▶ **YOUR INSTRUCTIONS**:
Print the records below exactly, starting at the first line and stopping after the line that contains "DESCRIPTION | Small, almost". Leave out any pictures.

▶ **SUPPLIED MATERIAL**:
--- START ---

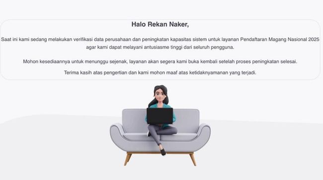 Website MagangHub Kemnaker tidak bisa diakses pada Selasa, 7 Oktober 2025. Oleh karena itu, peserta magang belum dapat mendaftar Program Pemagangan Bagi Lulusan Perguruan Tinggi.
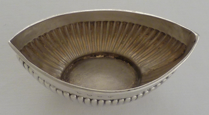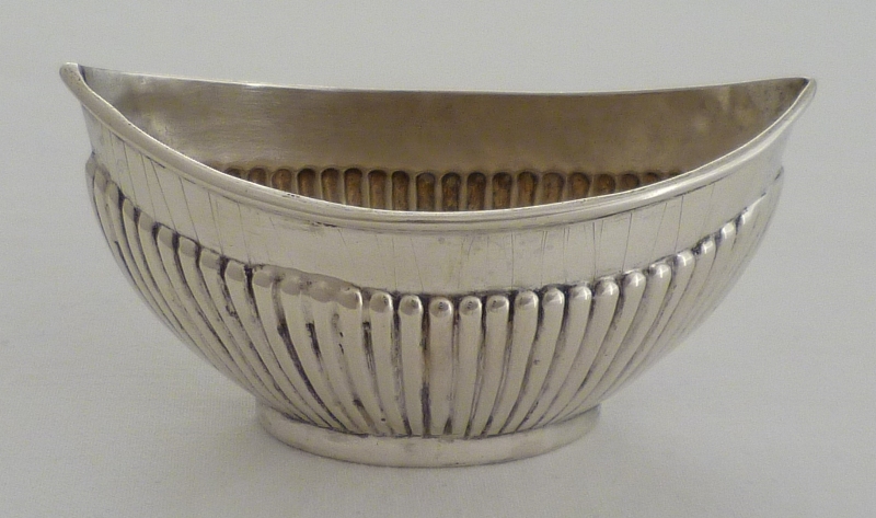 DESCRIPTION | Small, almost a miniature, Victorian silver navette shaped salt with fluted sides. |
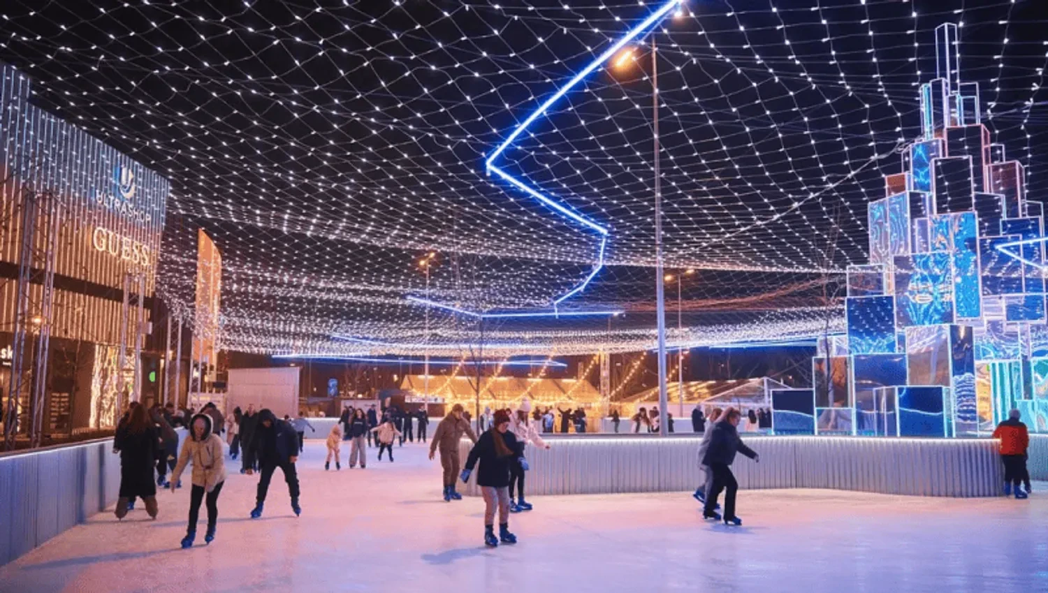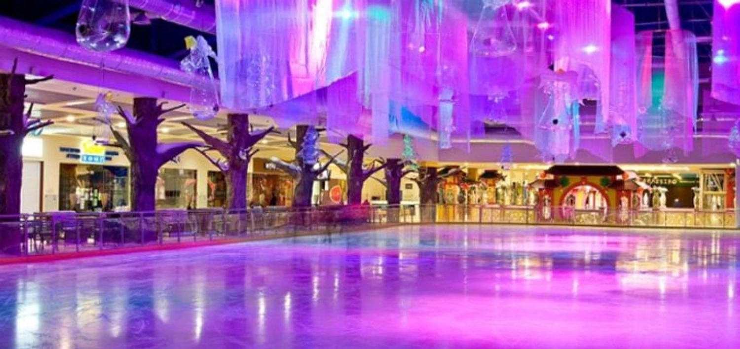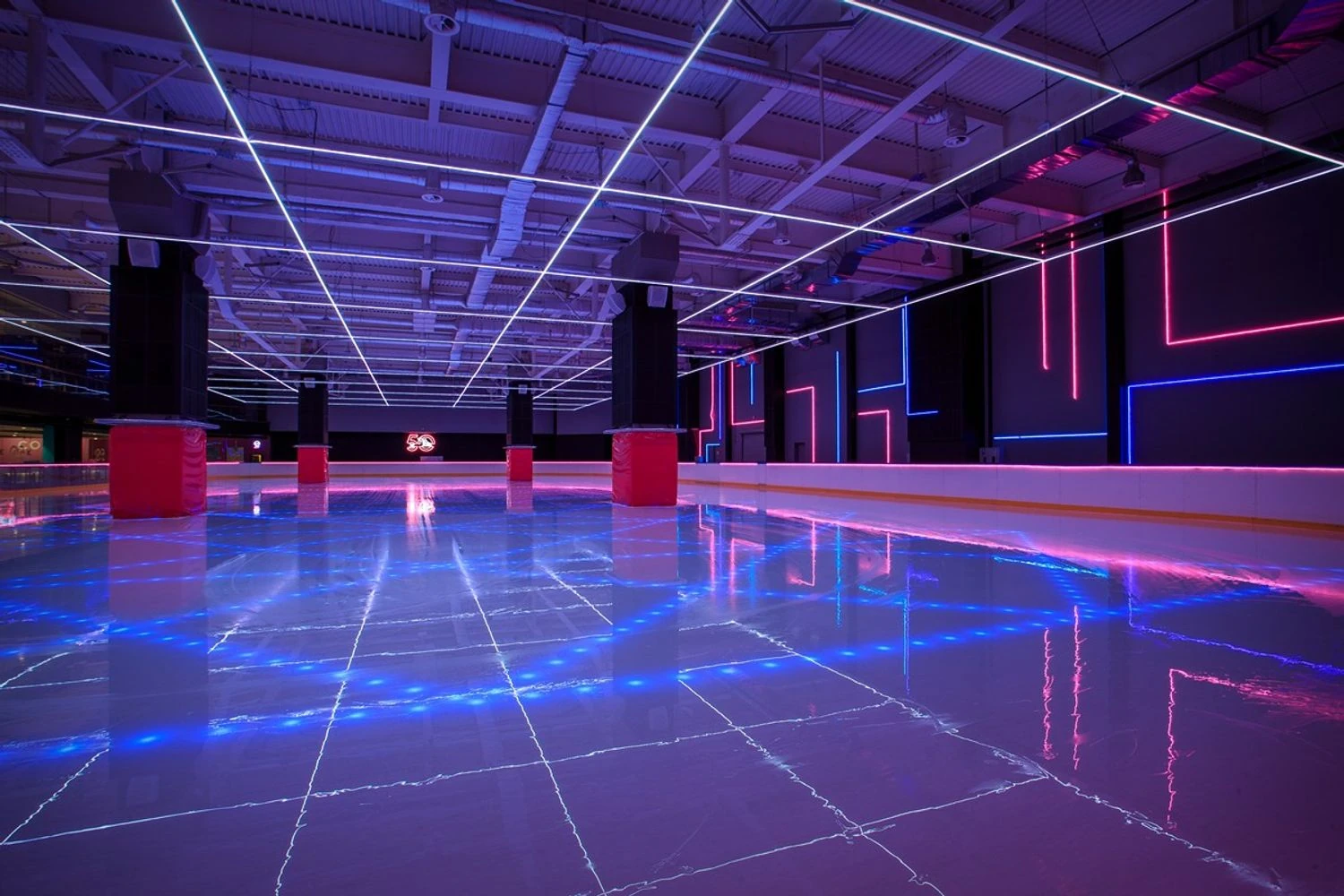 Футуристична ковзанка площею 2000 кв.м може вміщувати до 240 відвідувачів. Арена підсвічується неоновим світлом, що створює особливу атмосферу.
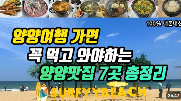 우리 가족에게는 더 없이 만족스러운 양양쏠비치며, 매년 1회 이상은 방문하는 리조트라서 쏠비치양양 리조트와 주변 음식점을 여러 곳 가보았다.
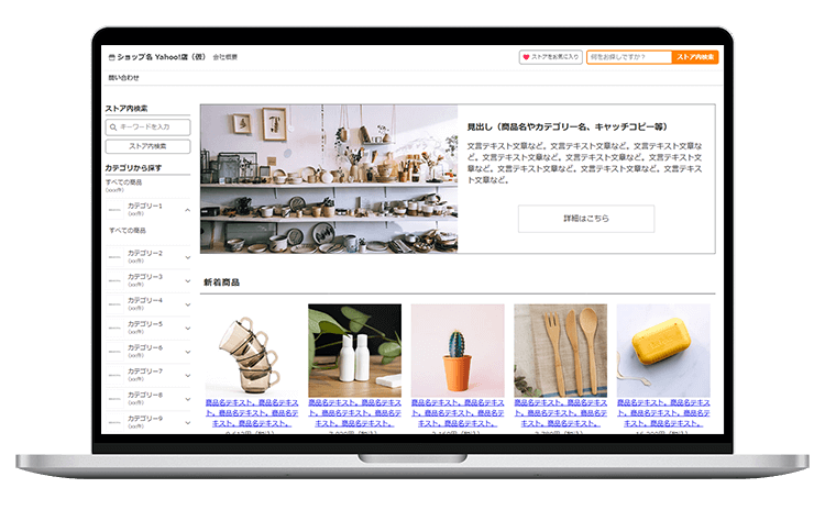 制作内容は主にトップページがメインとなりますが、共通部分(看板エリア・フッターエリア)も、商品ページ等に反映されますので、ご安心下さい。
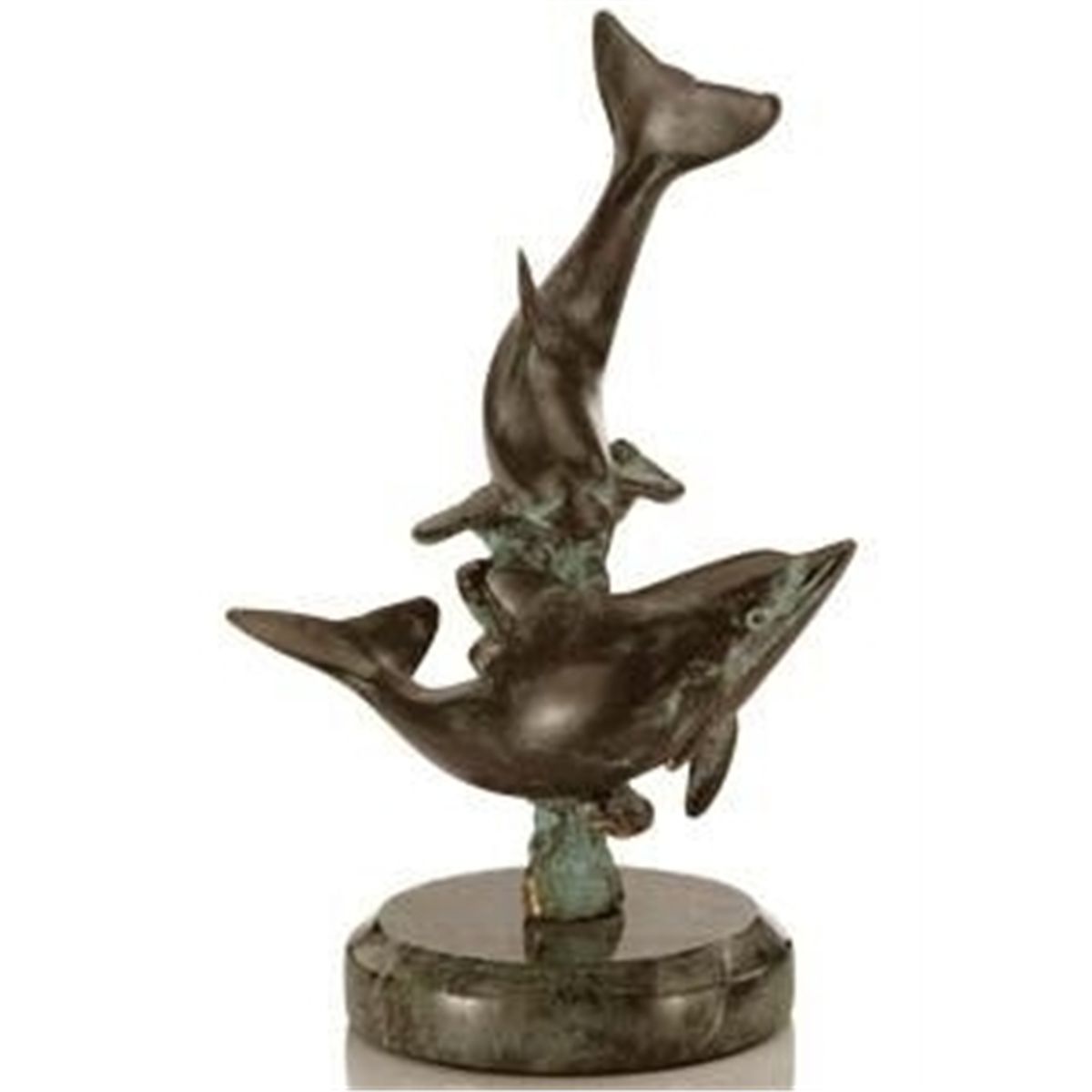 Diving Dolphins Bronze Sculpture - 6.5"H 4.5"W 3.5 "D - Great Attention To Detail - Beautiful Finish - Lost Wax Cast

--- END ---

▶ **RESPONSE AREA**:
 Website MagangHub Kemnaker tidak bisa diakses pada Selasa, 7 Oktober 2025. Oleh karena itu, peserta magang belum dapat mendaftar Program Pemagangan Bagi Lulusan Perguruan Tinggi.
 DESCRIPTION | Small, almost a miniature, Victorian silver navette shaped salt with fluted sides. |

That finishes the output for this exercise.